El paracaidista, ese juguete que tirabas por la ventana y luego no encontrabas. Tal vez no estuviera hecho para tirarlo por las ventanas, pero si no, ¿qué gracia tenía?. ¡Ah, sí, subir una silla sobre una mesa, subirte a la mesa y a la silla para buscar un lugar alto y disfrutar del vuelo. Del tuyo, que aterrizabas contra la esquina de la mesa. Otra brecha de tres puntos y otra familia unida camino de urgencias.

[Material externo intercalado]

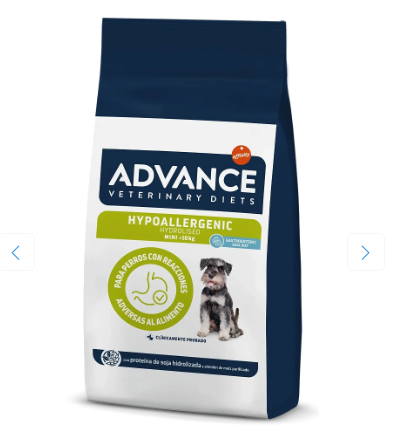 ADVANCE VETERINARY DIETS Hypoallergenic Mini — это клинически проверенный полноценный диетический корм для взрослых собак миниатюрных пород, состоящий из 100% белка гидролизованной сои с очень низкой молекулярной массой в качестве единственного источника белка и очищенного крахмала в качестве единственного источника углеводов, облегчает пищеварение собак, страдающих от пищевой аллергии и непереносимости, и снижает риск возникновения побочных реакций на корм. Кроме того, благодаря гипоаллергенной оболочке, он имеет прекрасный вкус для длительного кормления.

Mi querido amigo el Oso Goloso, claro que tuve uno, como cualquier peluche que saliera a la venta, eran los únicos juguetes que me gustaban y con los que no parecía la niña del exorcista. Cuando perdió su pañuelito mi madre le hizo un jersey de lana a juego con otro para mí, eso no evitó que el material del osito me provocara ataques de asma terribles, por mucho que mi abuela lo lavara con jabón lagarto, que parece que era el curatodo de las cosas textiles (el curatodo humano era la mercromina) porque no había forma de quitarme el dichoso oso. Era más entrañable llegar a urgencias en hipoxia, esta vez por un ataque de asma agudo, abrazada a tu osito. Me lo cambiaron por otro peluche, desde entonces le sigo buscando, Señor Gutiérrez ¿dónde estás? (así se llamaba).

A esta muñeca tuve el gusto de no conocerla. Ahora con las dietas de omega 6 y lo mal visto que está el colesterol y las grasas saturadas de origen animal, no creo que tuviera mucho éxito. Aunque me pregunto, ¿realmente esta muñeca comía grasas?. Yo conocí la versión papillitas, llamadadas “cagoncetes” y los muñecos de biberón, llamados “meoncetes”. Nunca le encontré la gracia, salvo practicarles autopsias para ver si tenían estómago y riñones.

Con esta muñeca no hay dudas, era la evolución de la grasitas hasta que llegaron las Barbies anoréxicas, creo que ahora han sacado una versión con la liposupción hecha. Mis perrerías con las Nancys mejor me las guardo porque he descubierto entre mis amigas que puede herir sensibilidades. Había niñas muy apegadas a sus muñecas. Solo diré que el pelo ardía muy bien. Esta versión no la tuve, la Nancy Presidiaria, parece que acaban de ficharla ¿por conducir borracha el coche de Ken?. ¿O era Lucas?.

Los que nunca pasan de moda, también me ahorro los comentarios porque conozco gente que por sus scalextric matan. Creo que es el juguete para niños que más disfrutaban los padres.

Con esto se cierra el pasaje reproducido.